Buku? Rama teringat pada buku yang baru saja dia temukan di dalam tasnya. Dia tidak tahu apa hubungannya buku itu dengan pria ini, tapi sudah jelas benda itu penting baginya.
“Ada apa dengan buku itu?” tanya Rama tanpa mengendurkan cengkeramannya.
Pria itu terdiam, pandangan matanya berubah seolah-olah ada sesuatu yang ia sembunyikan.
“Kau tidak akan mengerti... tapi aku tidak punya waktu untuk menjelaskannya sekarang.”
Rama sangat marah dan merasa dibodohi, nyaris tinjunya mendarat pada wajah pria itu. Namun tiba-tiba suara dentuman dari jalan terdengar sangat keras. Rama terkejut dan melepaskan cengkramannya. Merasa memiliki celah pria itu berlari menjauh dari Rama.
“Ini tidak akan berakhir dengan mudah, Rama. Kamu tidak tahu masalah apa yang akan kamu hadapi setelah ini. Aku hanya memperingatkanmu, kamu harus mencari tahu sendiri,” ucapnya dengan nada serius sebelum pergi.
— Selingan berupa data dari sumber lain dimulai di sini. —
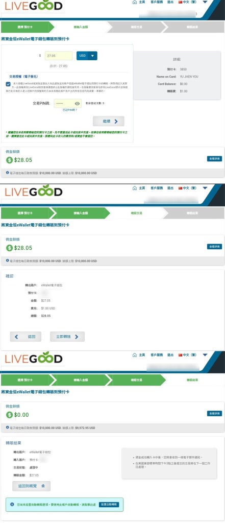 ①將所有的錢儲值到預付卡

Rama menatapnya dengan tajam tanpa menjawab apapun. Pria itu menghilang di antara bayangan malam. Tidak ada hal lain yang terlintas dalam pikirannya saat ini. Dia hanya penasaran dengan buku yang dia pegang, bertanya-tanya mengapa dia harus mempertahankannya. Bahkan, dia bisa saja menyerahkan buku itu dengan sukarela.
Drrrt.... Drrrt….
Tiba-tiba, panggilan masuk pada telepon genggamnya. Dengan wajah datar, Rama memperhatikan nama di layar benda pipih itu “My Bos.”
“Iya Bos,” ucapnya dengan nada hormat. “Baiklah, besok aku kerjakan,” jawabnya lagi setelah beberapa saat menyimak perintah dari seberang.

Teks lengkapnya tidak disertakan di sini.